• **Material supplied**:
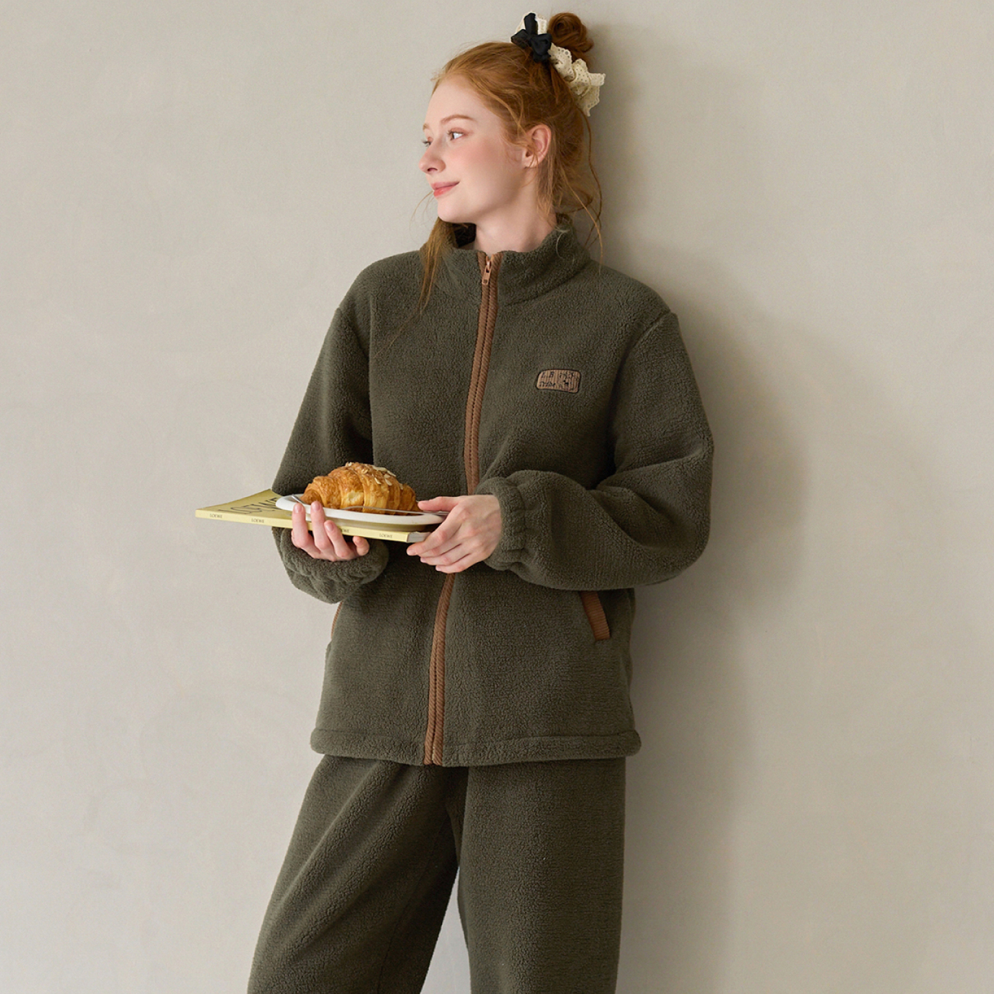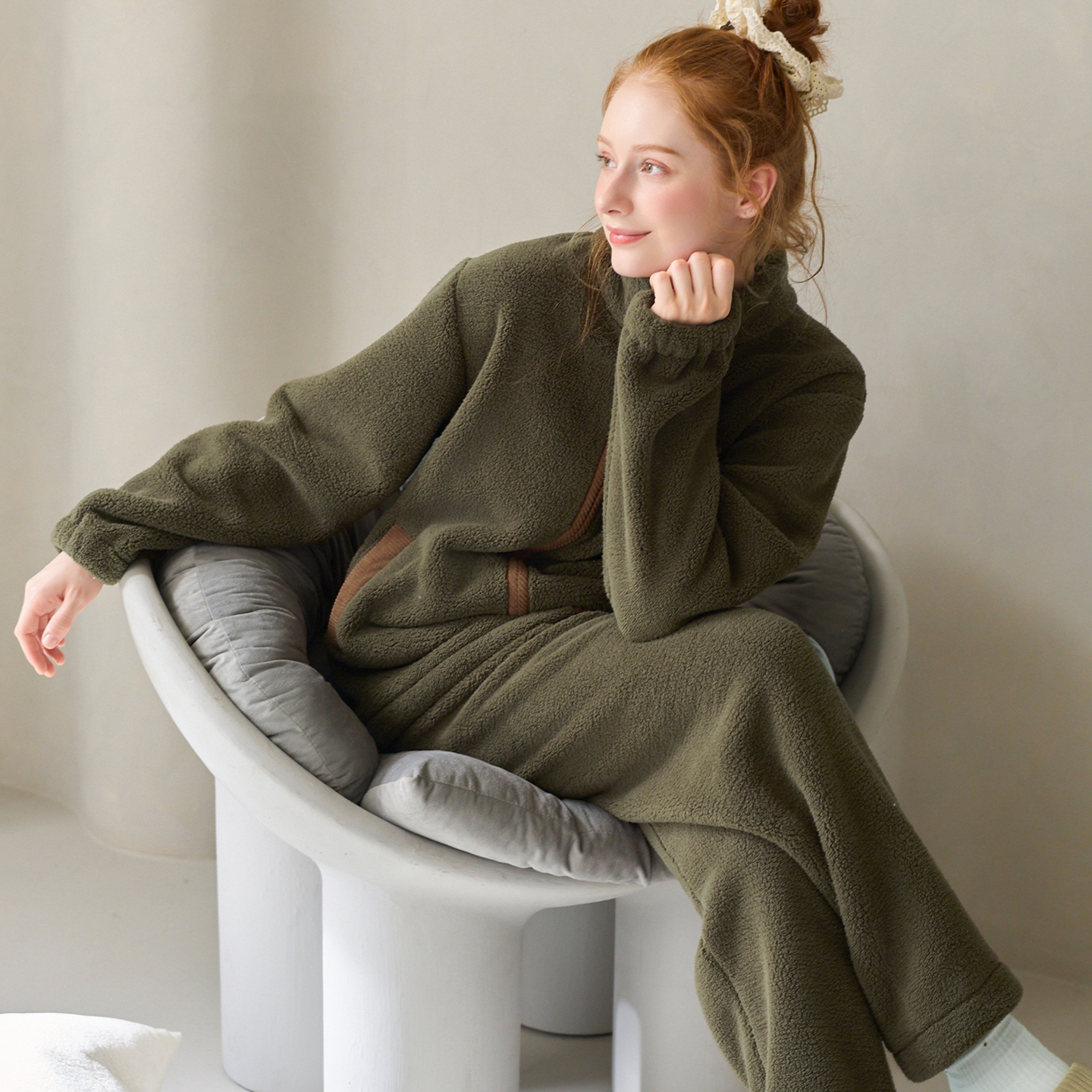 芬腾拉链立领珊瑚绒睡衣女秋冬加绒加厚外穿家居服套装 2025年新款
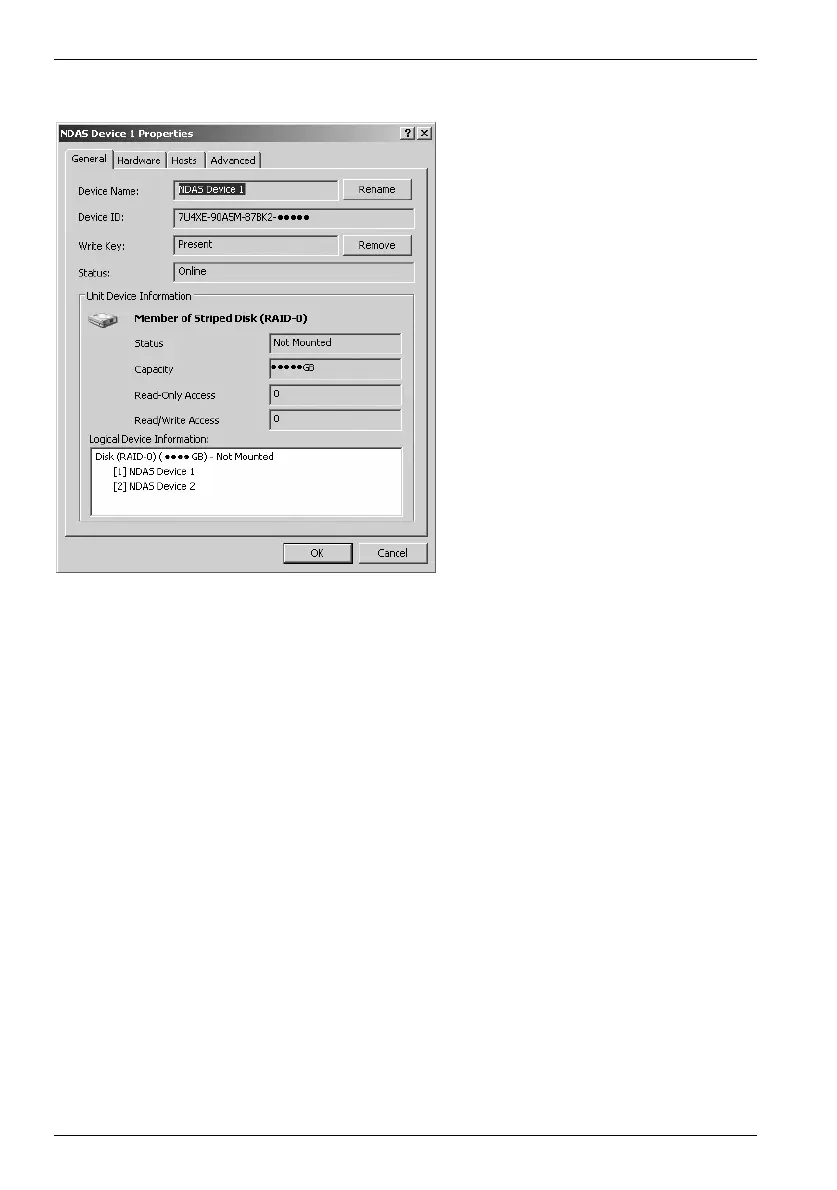 DataBox NDAS 500 eSATA ter o priključenem trdem disku in o uporabnikih, ki so
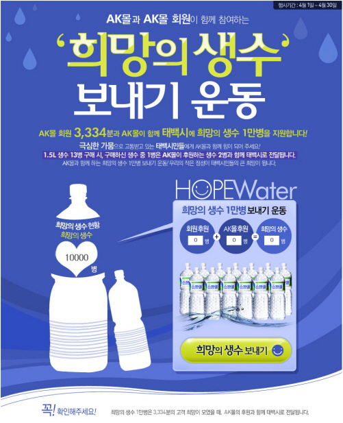 AK몰 초기 화면 이벤트 페이지에서 희망의 생수 보내기 버튼을 클릭하여 1.5L생수 13병들이 1세트를 구매하면 12병은 고객에게 가고, 나머지 1병은 태백시에 지원하게 된다. 여기에 AK몰이 고객 한 명 당 추가로 2병의 생수를 지원한다. 행사기간 동안 판매되어 모인 생수는 태백시민에게 전달된다.
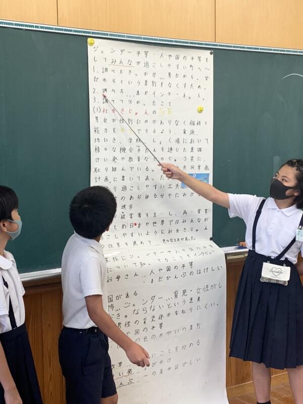 国語の「みんなが過ごしやすい町へ」の授業では、班ごとに作った報告書をみんなに発表しました。
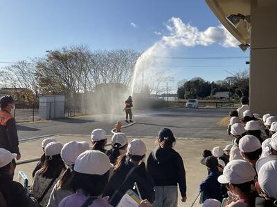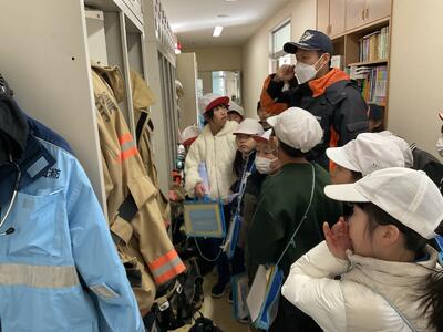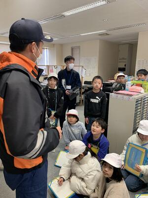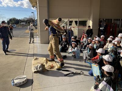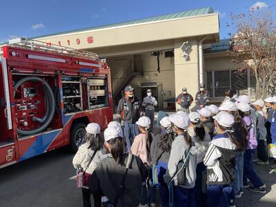 最後に消防士さんから「みんなと会うのは見学の時だけになるように、大人の言うことをよく聞こうね」という言葉をいただきました。子どもたちからの質問も出ていました。
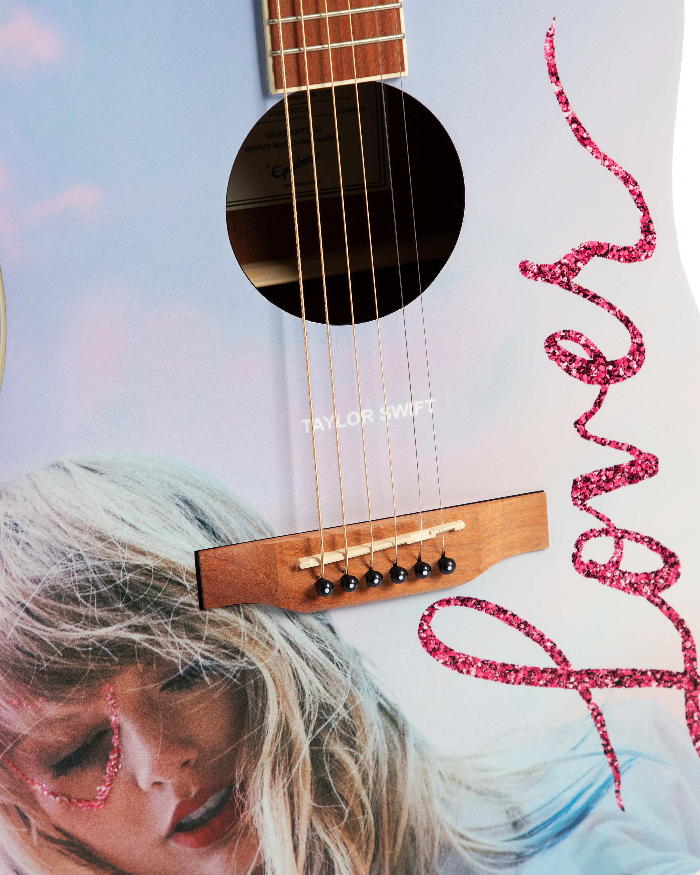 Acoustic Epiphone DR-100 guitar with custom-designed Taylor Swift Lover album photo of Taylor Swift and Taylor Swift Lover printed on front. Each guitar comes with a unique serial number printed on the back of the guitar headstock to identify this collectible product.
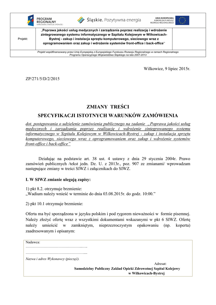 Projekt: „Poprawa jakości usług medycznych i zarządzania poprzez realizację i wdroŜenie zintegrowanego systemu informatycznego w Szpitalu Kolejowym w WilkowicachBystrej - zakup i instalacja sprzętu komputerowego, sieciowego wraz z oprogramowaniem oraz zakup i wdroŜenie systemów front-office i back-office” Projekt współfinansowany przez Unię Europejską z Europejskiego Funduszu Rozwoju Regionalnego w ramach Regionalnego Programu Operacyjnego Województwa Śląskiego na lata 2007-2013 Wilkowice, 9 lipiec 2015r. ZP/271/5/D/2/2015 ZMIANY TREŚCI SPECYFIKACJI ISTOTNYCH WARUNKÓW ZAMÓWIENIA dot. postępowania o udzielenie zamówienia publicznego na zadanie „Poprawa jakości usług medycznych i zarządzania poprzez realizację i wdroŜenie zintegrowanego systemu informatycznego w Szpitalu Kolejowym w Wilkowicach-Bystrej - zakup i instalacja sprzętu komputerowego, sieciowego wraz z oprogramowaniem oraz zakup i wdroŜenie systemów front-office i back-office” Działając na podstawie art. 38 ust. 4 ustawy z dnia 29 stycznia 2004r. Prawo zamówień publicznych /tekst jedn. Dz. U. z 2013r., poz. 907 ze zmianami/ wprowadzam następujące zmiany w treści SIWZ i załącznikach do SIWZ. I. W SIWZ zmianie ulegają zapisy: 1) pkt 8.2. otrzymuje brzmienie: „Wadium naleŜy wnieść w terminie do dnia 03.08.2015r. do godz. 10:00.” 2) pkt 10.1 otrzymuje brzmienie: Oferta ma być sporządzona w języku polskim i pod rygorem niewaŜności w formie pisemnej. NaleŜy złoŜyć ofertę wraz z wszystkimi dokumentami wskazanymi w pkt 6 SIWZ. Ofertę naleŜy umieścić w zamkniętym, nieprzezroczystym opakowaniu (np. koperta) zaadresowanym i opisanym: Nadawca: ………………………………………..….. ………………………………………….... Nazwa i adres Wykonawcy (pieczęć). Adresat: Samodzielny Publiczny Zakład Opieki Zdrowotnej Szpital Kolejowy w Wilkowicach-Bystrej Projekt: „Poprawa jakości usług medycznych i zarządzania poprzez realizację i wdroŜenie zintegrowanego systemu informatycznego w Szpitalu Kolejowym w WilkowicachBystrej - zakup i instalacja sprzętu komputerowego, sieciowego wraz z oprogramowaniem oraz zakup i wdroŜenie systemów front-office i back-office” Projekt współfinansowany przez Unię Europejską z Europejskiego Funduszu Rozwoju Regionalnego w ramach Regionalnego Programu Operacyjnego Województwa Śląskiego na lata 2007-2013 PRZETARG NIEOGRANICZONY OFERTA NA: „Poprawa jakości usług medycznych i zarządzania poprzez realizację i wdroŜenie zintegrowanego systemu informatycznego w Szpitalu Kolejowym w Wilkowicach-Bystrej zakup i instalacja sprzętu komputerowego, sieciowego wraz z oprogramowaniem oraz zakup i wdroŜenie systemów front-office i back-office” !!! Nie otwierać przed terminem otwarcia !!! 03.08.2015r. . godz. 10:15 3) pkt 11.1 otrzymuje brzmienie: „Ofertę naleŜy złoŜyć Zamawiającemu: Samodzielny Publiczny Zakład Opieki Zdrowotnej Szpital Kolejowy w Wilkowicach-Bystrej, ul. śywiecka 19, 43-365 Wilkowice, w terminie do dnia 03.08.2015r. , do godz. 10:00.” 4) pkt 11.3 otrzymuje brzmienie: „Otwarcie ofert nastąpi w Samodzielnym Publicznym Zakładzie Opieki Zdrowotnej Szpital Kolejowy w Wilkowicach-Bystrej, ul. śywiecka 19, 43-365 Wilkowice, dnia 03.08.2015r., godz. 10:15.” II. W załączniku nr 1 do SIWZ – Szczegółowy opis przedmiotu zamówienia zmianie ulegają: 1) W części IV. Zakup i wdroŜenie systemów front-office i back office – wymagania ogólne wykreślono zapisy: a) ”System powinien umoŜliwić obsługę procesów biznesowych realizowanych w szpitalu tzn. powinien: - pokazywać tylko to, co w danym momencie jest najwaŜniejsze, - udostępniać tylko te zadania, które na danym etapie powinny zostać wykonane, - umoŜliwić wprowadzenie tylko tych danych, które są niezbędne,” b) „Musi istnieć moŜliwość obsługi aplikacji wyłącznie przy uŜyciu klawiatury, bez konieczności uŜywania myszki” 2) W części IV. Zakup i wdroŜenie systemów front-office i back office – Oddział zmieniono zapisy: a) „Wyszukiwanie pacjentów na liście wg róŜnych parametrów, w tym: Projekt: „Poprawa jakości usług medycznych i zarządzania poprzez realizację i wdroŜenie zintegrowanego systemu informatycznego w Szpitalu Kolejowym w WilkowicachBystrej - zakup i instalacja sprzętu komputerowego, sieciowego wraz z oprogramowaniem oraz zakup i wdroŜenie systemów front-office i back-office” Projekt współfinansowany przez Unię Europejską z Europejskiego Funduszu Rozwoju Regionalnego w ramach Regionalnego Programu Operacyjnego Województwa Śląskiego na lata 2007-2013 - stan pacjenta - status pacjenta ( przysłany z IP, przebywający na oddziale, skierowany do innej jednostki, na przepustce, uciekinier) - identyfikator pacjenta - lekarz prowadzący - nazwisko i imię - nr księgi głównej - rozpoznanie - płatnik - nr kartoteki i karty pacjenta - zlecenia modyfikowane w ciągu ostatnich X godzin - z aktualnymi zleceniami leków - z przepustkami do zatwierdzenia - zlecenia leków do potwierdzenia - bez opisu historii choroby - daty urodzenia - wyszukanie pacjenta z wykorzystanie kodu paskowego z opaski” b) „Wydruki dokumentów zewnętrznych Oddziału, w tym: - Karta Statystyczna, - Karta ZakaŜenia Szpitalnego, - Karta Nowotworowa, - Karta Zgłoszenia Choroby Zakaźnej, - Karta Zgonu, - Karta TISS28.” c) „Obsługa Ksiąg: - Księga Główna, - Oddziałowa, - Oczekujących, - Zgonów, - Zabiegów - Transfuzji - Raportów Lekarskich - Raportów Pielęgniarskich” 3) W części IV. Zakup i wdroŜenie systemów front-office i back office – Statystyka ruchu chorych zmieniono zapisy: a) „wbudowane wydruki zewnętrzne: - Karta Statystyczna, - Karta Zgonu,” b) „obsługa Ksiąg: - Księga Główna, - Księga Odmów, Projekt: „Poprawa jakości usług medycznych i zarządzania poprzez realizację i wdroŜenie zintegrowanego systemu informatycznego w Szpitalu Kole

• **Task details**: Above are the records; return the lines in them from the one with "AK몰 초기 화면 이벤트" to the one with "最後に消防士さんから「みんな", inclusive, exactly and without images.

• **Result**:
 AK몰 초기 화면 이벤트 페이지에서 희망의 생수 보내기 버튼을 클릭하여 1.5L생수 13병들이 1세트를 구매하면 12병은 고객에게 가고, 나머지 1병은 태백시에 지원하게 된다. 여기에 AK몰이 고객 한 명 당 추가로 2병의 생수를 지원한다. 행사기간 동안 판매되어 모인 생수는 태백시민에게 전달된다.
 国語の「みんなが過ごしやすい町へ」の授業では、班ごとに作った報告書をみんなに発表しました。
 最後に消防士さんから「みんなと会うのは見学の時だけになるように、大人の言うことをよく聞こうね」という言葉をいただきました。子どもたちからの質問も出ていました。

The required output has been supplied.